The Central Bank has contacted An Garda Síochána in relation to its investigation into Davy, according to the Business Post.

The publication writes that the financial regulator has held discussions with the Garda National Economics Crime Bureau following the €4.13 million fine levied on the stockbroker for breaching market rules. The Central Bank's director of financial conduct, Derville Rowland, had earlier this month said she intended to contact both the Garda and the Office of the Director of Corporate Enforcement (ODCE) on the matter.

Open Orphan weighs Immutex stake sale

Open Orphan is reportedly mulling spinning off its stake in vaccine developer Immutex via a Nasdaq listing, reports the Sunday Times.
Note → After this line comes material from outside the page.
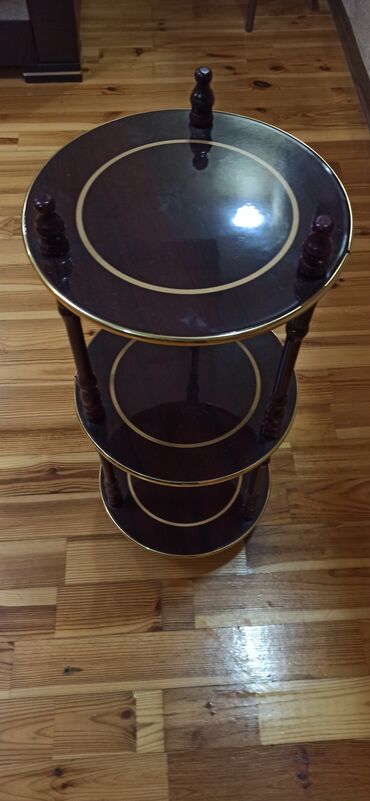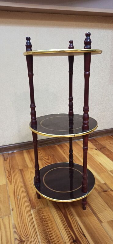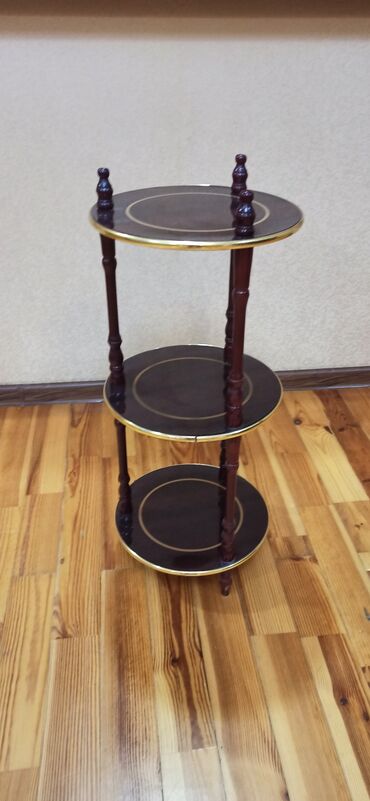 Çiçək və dekor üçün çoxsəviyyəli stend - Rəng: ağ rəngli dairəvi rəflər, xrom metal dayaqlar - Konstruksiya: iki ədəd dairəvi əsas platforma üzərində qurulmuş, mərkəzdə yüksək “piramida” forması; ...

The clinical trials company led by Cathal Friel has a 49 per cent stake in Imutex, which develops vaccines for influenza and mosquito-borne diseases. Speculation is rising that Open Orphan will look to cash in on the interest in vaccines arising from the coronavirus pandemic.

Quinlan bankruptcy case set for June

Property developer Derek Quinlan’s bankruptcy case in Britain will be heard in June, according to the Sunday Independent.

The petition was filed against Mr Quinlan in February 2019 by Edgeworth Capital in relation to a dispute over a debt owed on a Santander office complex in Spain. The complex was acquired by the Irish investor in a deal with former business partner Glenn Maud for €1.9 billion in 2018. Mr Maud was subsequently declared bankrupt in relation to the asset.

Hammerson stuck for tenants at Ilac centre

Property giant Hammerson has said it has been unable to find a suitable tenant for a space at the Ilac centre in Dublin despite an 18-month search, the Business Post reported.

The company said in a submission to Dublin City Council that the only potential tenant it had attracted was a leisure operator, which would be unable to rent the premises due to planning code restrictions. The vacant space was previously let to H&M, which left in January.